Beyond the ability of diagnosing a stricture, several studies have attempted to dissect inflammation, fibrosis and even muscularization within a given stricture. ²³ Single or combined parameters within each imaging modality are being explored, with more promise for MRE‐multiparametric scores at demonstrating sufficient accuracy in segregating histopathological stricture components. These studies still need to be validated. ²³ , ²⁴

CT enterography/enteroclysis

Two small studies used contrast‐enhanced CT to assess imaging findings with comparison to surgical specimens. A series of 22 patients found that both histological inflammation and fibrosis were greater in strictures radiologically identified as inflammatory compared to those without active inflammation. ⁸ , ¹³ In another series of 44 patients, the sensitivity for both inflammation and fibrostenosis identification was high, but the fibrostenosis score was based upon a thick, nonenhancing wall, luminal stricturing and pre‐stenotic dilation. ⁹ Overall, CTE may not be accurate enough at distinguishing inflammation from fibrosis. ¹³

The diagnostic accuracy of ¹⁸F‐Fluorodeoxyglucose (¹⁸F‐FDG) positron emission tomography (PET)/CT (and well as PET/MRE) in CD strictures has been evaluated in small cohorts. ²⁵ , ²⁶ Areas under the curve (AUC) were reportedly higher for PET/MRE (0.77) than PET/CT (0.51) for differentiating fibrotic from non‐fibrotic strictures, yet the discrimination between inflammation and fibrosis remains suboptimal, and the high radiation exposure of PET would limit the routine clinical application of this technique. ¹³ , ²⁶ Studies that assess multiparametric MRE with PET features should be reconsidered in light of emerging novel indices for strictures on cross sectional imaging and histopathology.
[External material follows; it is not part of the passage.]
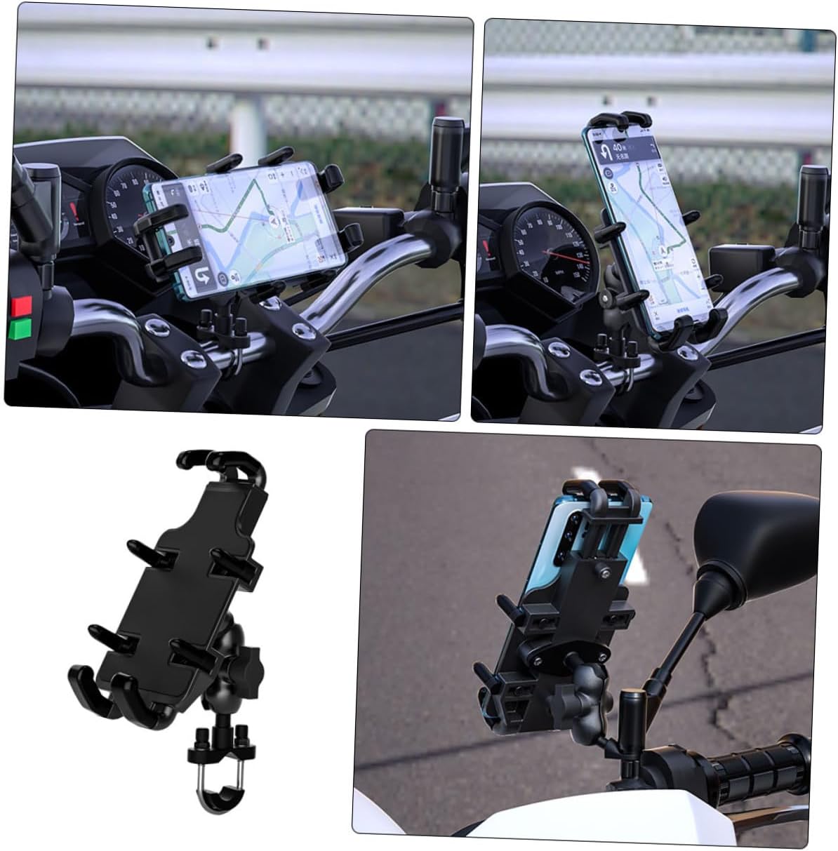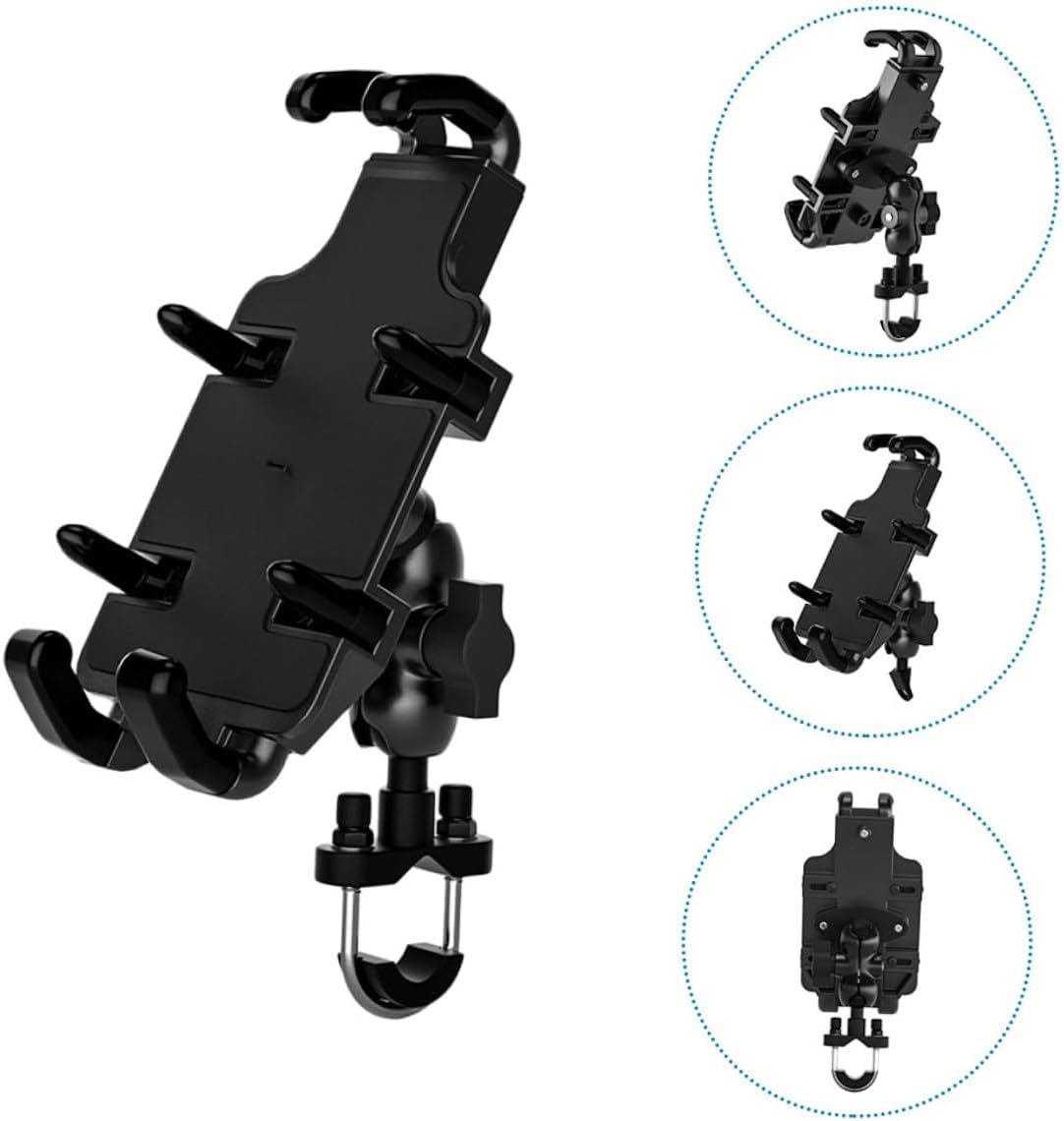 Package Include 1 set x phone holder Features - Color: Black. - Material: Aluminum and PC. - Size: 15.10 x 7.90 x 5.00cm/ 5.93 x 3.10 x 1.97 inch. -Product Info:Electric motorcycle mobile phone stand - Simply adjust and secure your phone in any angle and position. Professional and practical design with beautiful appearance, easy to carry and use Phone Support. - Rubber pads can reduce Smartphone vibration and prevent GPS Navigation Bracket. - You can adjust the suitable size with your phone by the gear, and also press the release bars to remove your phone with one simple hand motion. - Aluminum base clamp arm can rotated and adjusted 360 degree to your unique viewing angle Phone Mount Clip. - Do not need to worry about your phone falling off the motorcycle while using the GPS Motorbike Phone Mount.Goods DescriptionPhone Mount Holder Devices 360-degree rotation, flexible and convenient to use anti-slips mats, protect your phone, avoid shaking and skidding.Phone Support It can make you enjoy music easily when you are outriding, and you can also guide you by navigation.Phone Mount Clip Widely compatible with many cell phones used for handlebar of motorcycle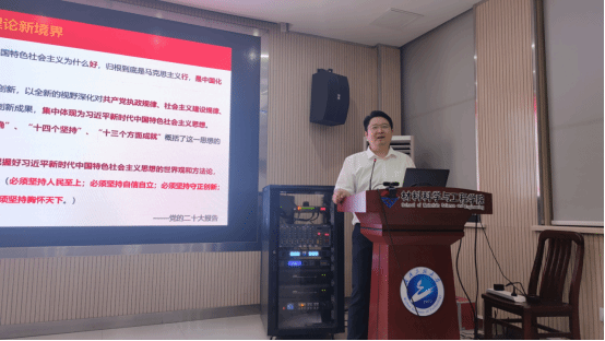 王涛以《学习习近平新时代中国特色社会主义思想,做有理想、敢担当、能吃苦、肯奋斗的新时代好青年》为主题,解读了此次主题教育的重要意义,重点阐释了习近平新时代中国特色社会主义思想的世界观和方法论,即“六个必须坚持”,他在讲述中结合公司的专业特色和工作实际,运用了典型的案例、喜闻乐见的故事、详实的数据,教育全体师生在学习生活和工作中要坚持好、运用好贯穿于习近平新时代中国特色社会主义思想的立场观点方法。

MR enterography and novel MR‐based modalities

MRE‐defined stricture components have been studied in small cohorts, where presence of inflammation was found to correlate with mural thickness and T2‐weighted fat‐saturated intramural signal intensity, while fibrosis was more commonly associated with layered enhancement. ²⁷ However, these same parameters correlated with both inflammation and fibrosis in similar studies. ¹³ A devised acute inflammation score (AIS) ²⁸ showed promising sensitivity and specificity for detection of inflammation and fibrosis. The cohort, however, mostly comprised active inflammation samples (AIS > 4.1 in 64/67) and only had 3 patients with exclusively inactive fibrotic strictures. The role of muscular hypertrophy was not assessed. Magnetic resonance imaging (MRI) scans performed 7 min after contrast administration (delayed enhancement) can distinguish mild‐to‐moderate from moderate‐to‐severe fibrosis, a finding that still requires validation. ²⁹ Different MR techniques, diffusion‐weighted imaging (DWI), magnetization transfer (MT) imaging, and MR with dynamic contrast enhancement (DCE) were explored. ³⁰ , ³¹ DWI values appear to inversely correlate with degrees of fibrosis, whereas magnetization transfer magnetic resonance (MT‐MR) signals parallels the extent of collagen deposition. ³² , ³³ , ³⁴ These novel parameters also showed fair inflammation/fibrostenosis segregation in patients with prior ileocolic resection. ³⁵ Efforts are underway to validate these findings. One such recent example involved using multiparametric MRE‐based scores for histologic fibrosis and inflammation assessment, and described a composite score of magnetic resonance index of activity (MaRIA), apparent diffusion coefficient, and measurement of delayed gain of enhancement to predict histologic fibrosis (ROC = 0.91) while MaRIA alone was best at predicting active histologic inflammation (ROC = 0.97). Contrary to prior studies, a good correlation was not found between MT‐MR and either inflammation or fibrosis. ²⁴

Dynamic contrast enhanced‐magnetic resonance imaging and DWI were investigated for smooth muscle hypertrophy in relation to inflammation and fibrosis, using histopathological specimens as the gold standard. ³⁶ Factors such as decreased volume transfer coefficient (K^trans), maximum enhancement (ME), initial slope of increase, as well as increased mural thickening corelated well with moderate‐to‐severe active inflammation. Initial slope of increase and mural thickness were able to describe muscle hypertrophy in sections with mild/absent inflammation, and a parameter that combined ME and thickness was able to accurately describe muscular alterations with active inflammation. ³⁶ The study also validated that wall thickness on T2‐WI parallels muscular hypertrophy more so than fibrosis. ³⁷

A recent pilot study assessed the use of magnetic resonance elastography for predicting fibrosis as well as the clinical course of patients with CD. ³⁸ A high correlation between the stiffness value measured on MR elastography and radiologist morphological analysis using a visual analog scale was established. A bowel stiffness of ≥3.57 kPa predicted the occurrence of a clinical event (abdominal surgery, hospitalization or emergency department consultation for abdominal pain or bowel obstruction) with AUC 0.82.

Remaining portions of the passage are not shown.